Multidimensional analysis of genotype in R

Without a a reprex (see the FAQ), it's hard to offer much that will be of immediate use.

The big picture is that this is a problem in three parts:

  1. How does each variable relate to the three categories, and is there any overlap?
  2. What are the appropriate statistical tools to classify observations into the categories?
  3. How to code those tools in R?

Here's an example of dimensional reduction in the case of all binary variables.
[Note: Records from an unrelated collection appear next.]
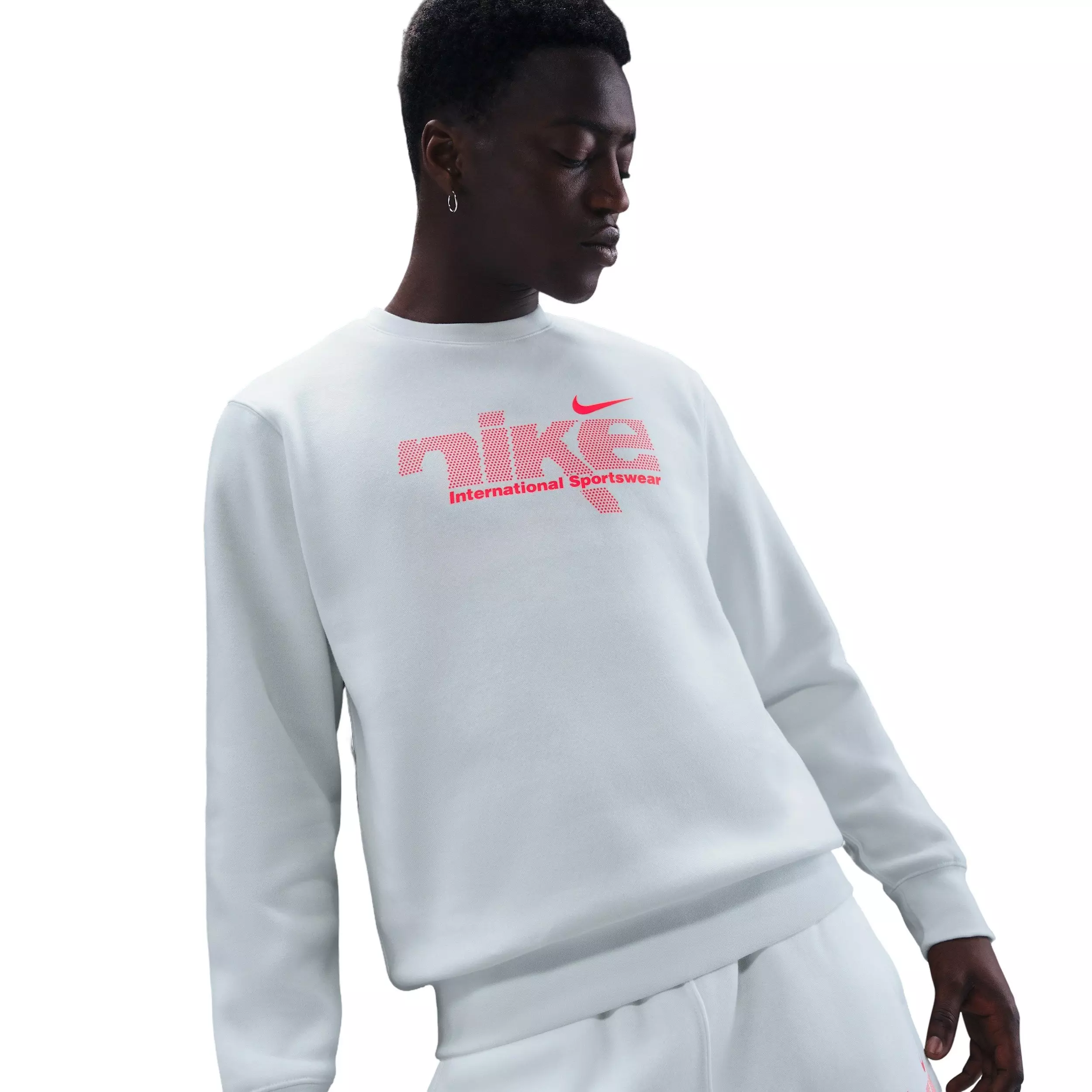 The Nike Men's Sportswear Club BB Fleece Swoosh Sport Crew is made with midweight brushed fleece that feels extra soft on the inside and smooth on the outside. The fabric holds its shape whether you're moving or relaxing, providing dependable comfort.
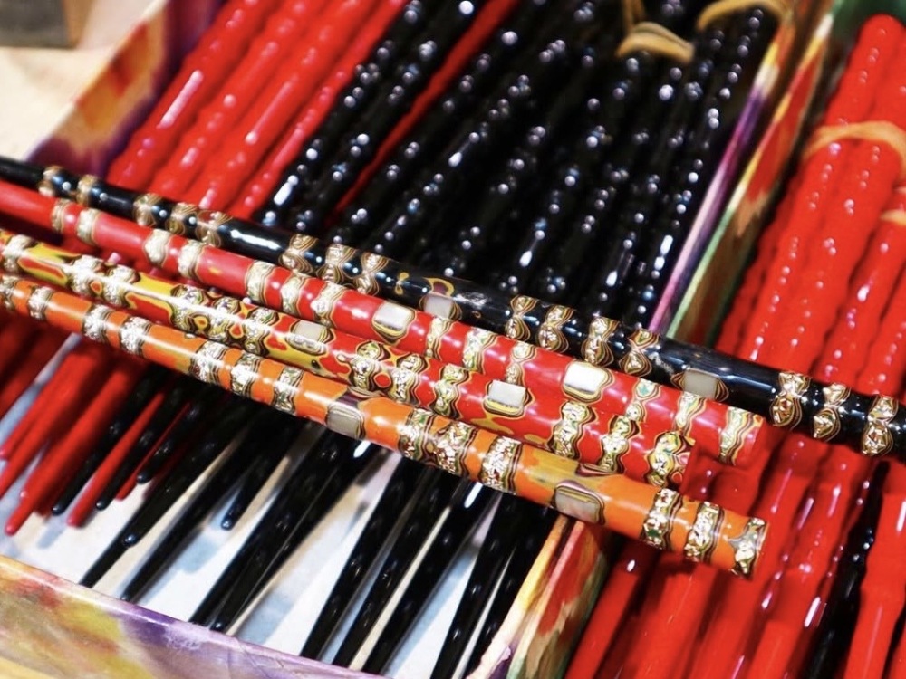 小浜市にある「若狭工房」で、若狭塗の「箸の研ぎ出し(1,300円)」が体験できます。アワビ貝や卵の殻が埋め込まれている若狭塗のお箸を約40分ほど転がしながら全面をこすっていきます。
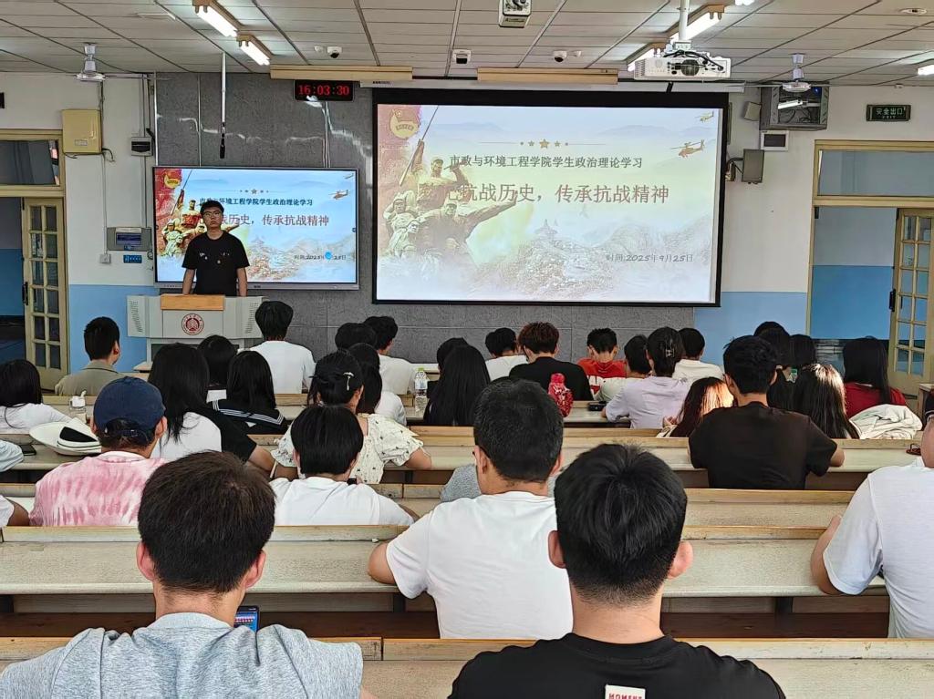 活动伊始,领学党员赵一凡、马家骏上台发言。他们以丰富的历史资料、翔实的数据和鲜活的案例,从“九一八事变”到“七七事变”,从淞沪会战到百团大战,全面回顾了中国人民艰苦卓绝的抗战历程,深刻阐述了抗战精神的内涵与时代价值。在讲述过程中,重点剖析了抗战时期中华儿女不畏强暴、血战到底的英雄气概,以及天下兴亡、匹夫有责的爱国情怀,让同学们仿佛穿越时空,回到了那段硝烟弥漫的岁月,真切感受到了先辈们为民族独立和解放所做出的巨大牺牲。
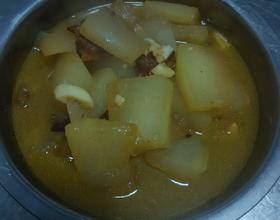 放冬瓜进去翻炒均匀再加水开始炖冬瓜。
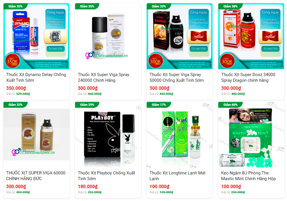 - Thuốc xịt chống xuất tinh sớm cũng phổ biến và đa dạng như: thuốc xịt Dynamo Delay, thuốc xịt Stud 100, thuốc xịt Super Viag 50000, thuốc xịt Super Viga 240000, thuốc xịt Lidocain, thuốc xịt emla 7%, thuốc xịt Procomil Spray, thuốc xịt longtime, thuốc xịt Playboy, thuốc xịt Playboy Vip, thuốc ngựa thái, thuốc cường dương maxman, cao thảo dược sìn sú, kem bôi sìn sú 6 ml, thuốc xịt sìn sú 5ml, kẹo sâm hamer mỹ, kẹo sâm hamer malaysia, kẹo sâm a7, kẹo xtreme candy, kẹo sâm hamer 37f82k, kẹo sâm hamer E854A9, kẹo sâm Hamer G28Q79, kẹo Kẹo Thảo Dược Hoa Sen Tuyết Bạc Hà Mint Snow Lotus Herbs Candy...

# install.packages("rARPACK")
# devtools::install_github("andland/logisticPCA")
library(logisticPCA)
library(ggplot2)
data("house_votes84")
logsvd_model = logisticSVD(house_votes84, k = 2)
logsvd_model
#> 435 rows and 16 columns
#> Rank 2 solution
#> 
#> 63.6% of deviance explained
#> 549 iterations to converge
logpca_cv = cv.lpca(house_votes84, ks = 2, ms = 1:10)
plot(logpca_cv) + theme_minimal()
#> Warning in type.convert.default(colnames(x)): 'as.is' should be specified by
#> the caller; using TRUE
#> Warning in type.convert.default(rownames(x)): 'as.is' should be specified by
#> the caller; using TRUE

logpca_model = logisticPCA(house_votes84, k = 2, m = which.min(logpca_cv))
clogpca_model = convexLogisticPCA(house_votes84, k = 2, m = which.min(logpca_cv))
plot(clogpca_model, type = "trace") + theme_minimal()

plot(logsvd_model, type = "trace") + theme_minimal()

party = rownames(house_votes84)
plot(logsvd_model, type = "scores") + 
  geom_point(aes(colour = party)) + 
  ggtitle("Exponential Family PCA") + 
  scale_colour_manual(values = c("blue", "red")) +
  theme_minimal()

Created on 2023-06-29 with reprex v2.0.2